41st Mayor of Veliko Tarnovo
- In office 1999 – October 23, 2011
- Preceded by: Dragni Dragnev
- Succeeded by: Daniel Panov

Personal details
- Born: 26 March 1955 (age 71) Veliko Tarnovo, Bulgaria
- Party: SDS
- Alma mater: Medical University, Sofia

= Rumen Rashev =

Bulgarian politician

Rumen Georgiev Rashev (Bulgarian: Румен Георгиев Рашев; born 26 March 1955) is a Bulgarian politician of the Union of Democratic Forces (Bulgaria) who was the mayor of Veliko Tarnovo between 1999 and 2011. He worked as a doctor in Stefan Cherkezov hospital from 1981 to 1997. He is a member of the Freemasonry community.

== Biography ==
Rumen Rashev is born 26 March 1955 in Veliko Tarnovo. He graduated the Medical University in Sofia.

=== Political career ===
In the period from 1997 to 1998 he was the district governor of Lovech Province. At that time, Veliko Tarnovo was still part of the Lovech region. On February 1, 1999, Veliko Tarnovo became a province and Rashev became the governor of the new district.

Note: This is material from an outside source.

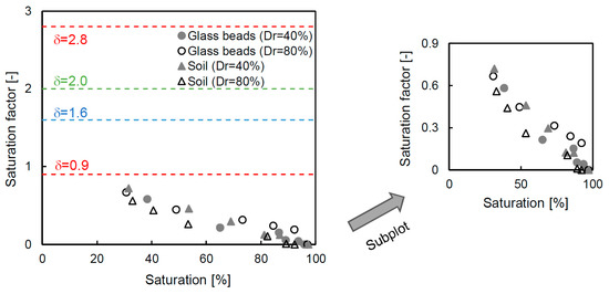 The relationship between the saturation and the electrical resistivity ratio is related to the saturation factor, as shown in Equation (3); the values, which are derived from the measured values, are presented on a semi-log scale in Figure 8. The relationship is highly variable, and thus the values are relative to the upper (δ = 2.8) and lower (δ = 0.9) boundaries from the trend line of the measured values. The saturation factors from previous studies of 1.6 [43] and 2.0 [35] are also plotted in this figure, and these values are within the range proposed in this study. The saturation factor exhibits a nonlinear behavior, and there are two different slopes according to the electrical resistivity ratio. Therefore, there is a limit to uniformly using the values derived from one sample in the entire range. Even though [44] suggested an additional constant factor, which they obtained through linear regression results, the method has a limited reliability depending on the degree of saturation of each sample because the method also uses the entire trend line. Thus, the saturation factor is calculated at every stage, considering the specific saturation and electrical resistivity ratio. The detailed saturation factor, which is calculated by inverting Equation (3), is shown in Figure 9. The saturation factor is different for each degree of saturation because the electrical resistivity ratio varies, and therefore deriving a saturation factor using the entire trend of the data includes an error. For the glass beads and soil, the newly calculated saturation factor is in the range of 0.67–0.72 at the initial step, and the value gradually decreases to ≈0 at the fully saturated condition of every specimen. The reason why the saturation factor is almost 0 is because the electrical resistivity ratio is at unity at the 100% saturated condition. The saturation factor in Figure 9 is different from the value derived from the trend line based on δ = 0.9, 1.6, 2.0 and 2.8 (in Figure 8). This tendency suggests that an appropriate saturation factor for each saturation should be determined rather than applying a single value that simply reflects the trend line.

==== Mayor of Veliko Tarnovo ====
In 1999, Rashev became the mayor of Veliko Tarnovo. In 2003 he won a second term, and in 2007 he has been re-elected mayor for the third time.

== Litigation ==
In March 2012, the Veliko Tarnovo Court of Appeal sentenced him to three years in prison. In May 2012, the case was returned for reconsideration by the Supreme Court of Cassation, which sharply criticized the appellate court for politically motivated bias. In October 2013, the Plovdiv Court of Appeals again issued a conviction against Rashev, serving a suspended sentence of 2 years.